Alt text for images is a crucial step in the design and development process of a website. Not only can you ensure your website is made more accessible to people who are blind or have a visual impairment, good alt text also helps improve your site’s search optimization.


Choose when to use alt text

When you set alt text on an image (or multiple images) within your project, screen readers pick up that alt text image description. By setting alt text on images, you make your site more accessible by people who are blind or have a visual impairment. It’s also helpful to people with sensory processing or learning disabilities.


Note: A screen reader is an assistive technology primarily used by people with vision impairments. It speaks aloud text, buttons, images and other screen elements, or displays them in braille. 


Alt text also shows up in the browser viewport if the image hasn’t loaded properly, or even on browsers where someone has chosen to turn off images. 

New York Times alt text is highlighted on images that show as broken upon webpage load.

When you describe your image content with alt text, you also set yourself up for search optimization success. The better you describe your images to all users, the better search engines can pick up and interpret that content as well.


In most cases, the majority of images in your design will benefit from alt text because they convey meaning to your site visitors (and search engines). However, you may have a few images in your site that are more decorative and don’t convey any relevant meaning, so alt text would be unnecessary. 


Examples of decorative image icons are highlighted. 

Write relevant alt text

Alt text should describe and convey the meaning of an image. Sometimes it’s helpful to think of it like you’re writing a caption for a news image. For example, you don’t need to include the words “Image of” or “Picture of” prior to describing the image — unless the addition of those words adds value or meaning to what you’re describing. 
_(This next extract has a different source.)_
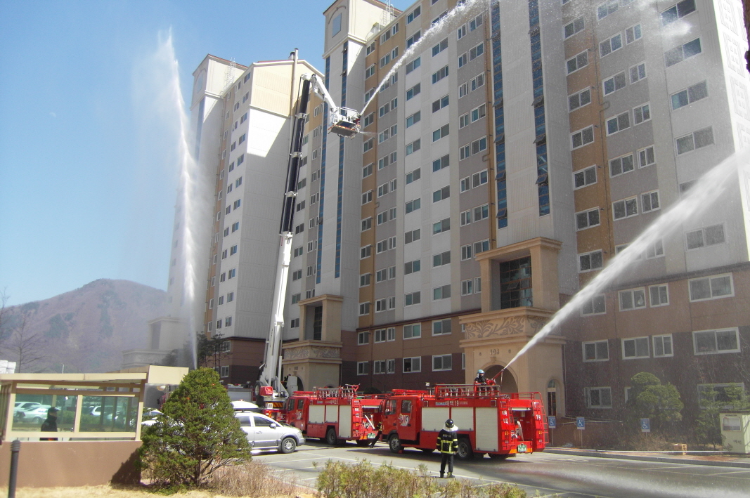 태백소방서(서장 여윤길)는 4.12(화)일 황지동 예체아파트에서 소방차 9대, 소방공무원 23명, 자위소방대 10여명이 참여한 가운데 ‘고층건물 합동소방 훈련’을 실시했다.

When choosing when and how to write your alt text, your decision is always best served by critically thinking about your audience and their experience using your design. Ask yourself the following:


  • What is it like to navigate a page with a screen reader? 
  • What changes without the images? 
  • Would your user be missing out on relevant content if you didn’t include alt text?
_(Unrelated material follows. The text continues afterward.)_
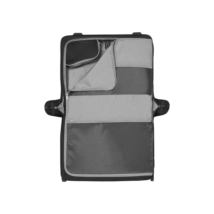 Convenient, wheeled garment carrier lays flat for easy packing and keeps clothes wrinkle-free
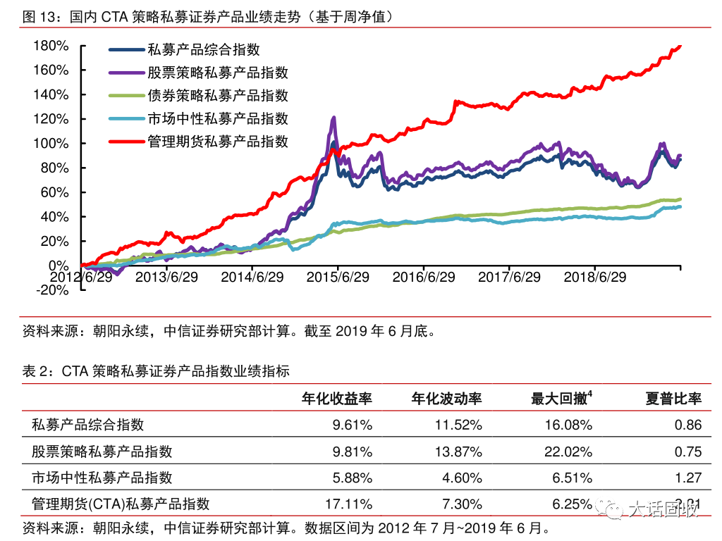 下面是到2019年年中,國(guó)內(nèi)各種策略的私募產(chǎn)品業(yè)績(jī)走勢(shì)。排名第一的CTA管理期貨(紅線)策略一騎絕塵,幾乎不受股票市場(chǎng)影響。

Including these considerations during your design and development process is not only more inclusive, it make your build time more efficient — all the way from concept to launch.


Effective alt text examples

The alt text for an image from the New York Times reads, “A long exposure showing a string of SpaceX StarLink satellites over Florence, Kan., this month.”
The alt text for an image from Apple reads, “Front and back view of AirTag personalized with a smiley-face emoji.” 
The alt text for an image from Slack reads, “Icons for apps like Salesforce and Google Drive connecting to Slack.”

You can also add alt text to an Image in a Rich text element:

  1. Select the Image in your Rich text element
  2. Click the “wrench” icon
  3. Click the Alt text dropdown and choose "Custom description" to set custom alt text, or "Decorative" to set the image to decorative

A Rich text element's image’s settings wrench icon is highlighted.

A Rich text element’s image settings is highlighted to show where Alt text can be added.




Note: If your Rich text element pulls its text and images from a Rich text field in a CMS collection, you'll need to update your image alt text in the Rich text field of the Collection item itself.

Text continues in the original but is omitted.